A clustered actor system needs to agree on who’s alive. The failure detector is the per-peer state machine that decides:

healthy ──── no heartbeat for `unreachableAfterMs` ────► unreachable
▲ │
│ │
│ heartbeat received no heartbeat for │
│ `downAfterMs` more │
└──────────────────────── ▼ │
down (recommended)
  • healthy — heartbeats arriving normally.
  • unreachable — past the threshold; the cluster avoids routing here. Still officially a member; can recover.
  • down — past the longer threshold; the cluster considers the peer permanently gone. Triggers downing.

The detector is per-peer — different peers can be in different states at once. The cluster’s overall behavior (routing, sharding, singleton election) reads these states to decide what to do.

{
heartbeatIntervalMs: 500, // send a heartbeat every 500ms
unreachableAfterMs: 2_000, // mark unreachable after 2s of silence
downAfterMs: 5_000, // mark down after 5s of silence
}

For typical LAN clusters (1-10 nodes, sub-millisecond latency), these defaults work fine. They give:

  • 2-second detection window for “this peer might be having trouble.”
  • 5-second decision window for “this peer is definitively gone.”

Override via the failureDetector field in the cluster settings:

Cluster.join(system, {
host, port, seeds,
failureDetector: {
heartbeatIntervalMs: 1_000,
unreachableAfterMs: 5_000,
downAfterMs: 15_000,
},
});

When to tune:

WorkloadDirection
Cross-region cluster (high RTT)Increase all three. 100ms RTT means a single missed heartbeat is normal noise.
Local Docker compose (sub-ms RTT)Decrease for faster failover tests. Production-tune up before deploying.
Network with periodic blipsIncrease unreachableAfterMs to avoid false positives, but keep downAfterMs larger so a real failure still gets detected.
Cost-sensitive (chatty heartbeats)Increase heartbeatIntervalMs — at 5s intervals, gossip + heartbeat is < 1KB/sec per peer.

The ratio downAfterMs / unreachableAfterMs (default ~2.5x) is the flap-tolerance window: a peer that’s marked unreachable can recover to healthy without being downed, as long as a heartbeat arrives within the difference.

Every gossip exchange counts as a heartbeat.
Every direct message that travels over the cluster transport counts.

The framework doesn’t send separate “ping” messages — any cluster traffic from a peer resets that peer’s last-seen timestamp.
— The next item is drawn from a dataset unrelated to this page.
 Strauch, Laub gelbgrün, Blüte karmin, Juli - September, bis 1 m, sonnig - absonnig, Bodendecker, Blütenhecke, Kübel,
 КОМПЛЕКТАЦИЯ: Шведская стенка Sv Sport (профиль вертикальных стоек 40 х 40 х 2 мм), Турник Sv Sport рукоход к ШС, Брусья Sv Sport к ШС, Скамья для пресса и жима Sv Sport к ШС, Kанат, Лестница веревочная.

Gossip is the most reliable source (regular interval), but application messages contribute too.

This means: a cluster with very chatty actors gets better failure detection (more heartbeats); an idle cluster relies entirely on gossip.

What the detector decides — and doesn’t

Section titled “What the detector decides — and doesn’t”
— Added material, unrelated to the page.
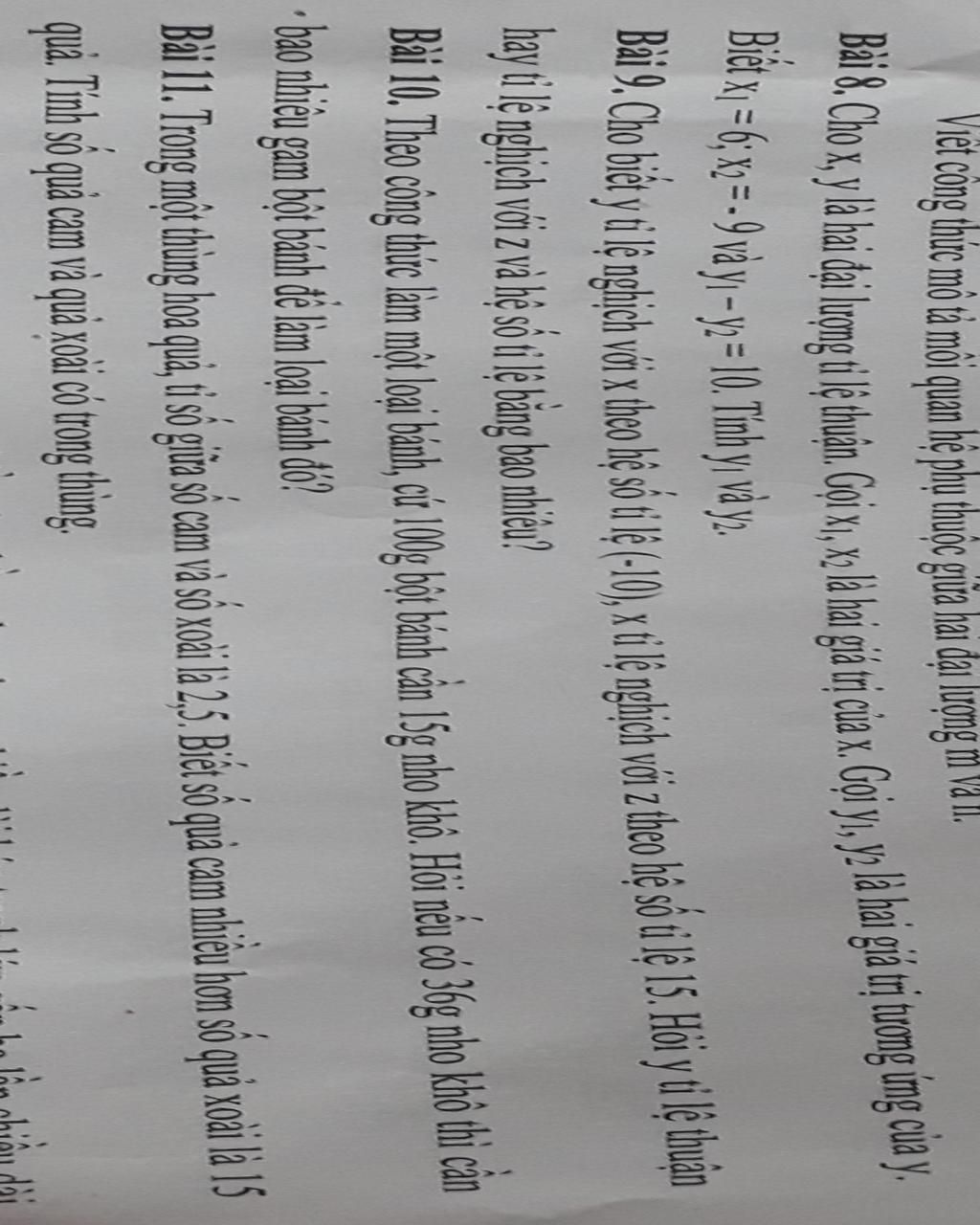 Bài 9. Cho biết y tỉ lệ nghịch với x theo hệ số tỉ lệ (-10), ...

The detector returns 'healthy' / 'unreachable' / 'down'. What the cluster does with that:

DecisionCluster behavior
healthyNormal routing. No effect.
unreachableMark the member unreachable in the membership table. Routers skip them; sharding doesn’t allocate new shards to them. Singleton manager won’t elect a leader from an unreachable side.
downTrigger downing. If a downing strategy is configured, it decides which addresses to forcibly evict; the cluster announces those nodes as removed.
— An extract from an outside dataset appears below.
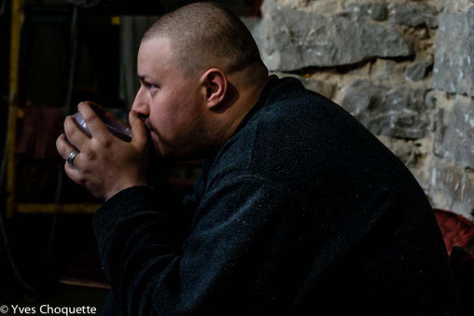 Anton, 30 years old. He has no work and can't join the separatist army because his legs were injured in a car crash a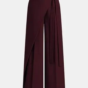 High-waist wide leg pants in deep burgundy. Wrap-style front with self-tie waist. Sleek, minimal silhouette. Versatile for work or dressy occasions.

Crucially: the detector deciding down doesn’t automatically remove the peer. Removal goes through the downing strategy — the detector is the signal, not the action. Without a downing strategy, a down decision stays advisory.

Every node runs its own detector, watching its own peers. This means two nodes can disagree about whether a third is reachable:

n1 ──── healthy heartbeats ────► n2
n1 ──── (network partition) ──── n3 ← n1 sees n3 as unreachable
n2 ──── healthy heartbeats ──── n3 ← n2 sees n3 as healthy

The cluster gossip propagates these per-node observations. A member is considered globally unreachable when enough peers report it that way — the threshold is configurable in some downing strategies (see KeepMajority, KeepReferee).

The framework’s detector is intentionally simple — plain elapsed-time thresholds, no statistical variance tracking. For LAN scale this is sufficient. If your network needs Phi-accrual (variance-aware, adaptive thresholds), you’d implement the FailureDetector interface yourself and inject it via Cluster.join’s failureDetector override — but this isn’t documented as a public extension point yet; opening an issue describes the use case.

import { MemberUnreachable, MemberReachable } from 'actor-ts';
cluster.subscribe(MemberUnreachable, (evt) => {
console.log(`${evt.member.address} marked unreachable`);
});
cluster.subscribe(MemberReachable, (evt) => {
console.log(`${evt.member.address} marked reachable again`);
});

Subscribe to the cluster events for visibility. In production, wire these into metrics — a histogram of “unreachable durations” shows whether the threshold matches your network’s actual blip profile.

The FailureDetector API reference covers the full surface.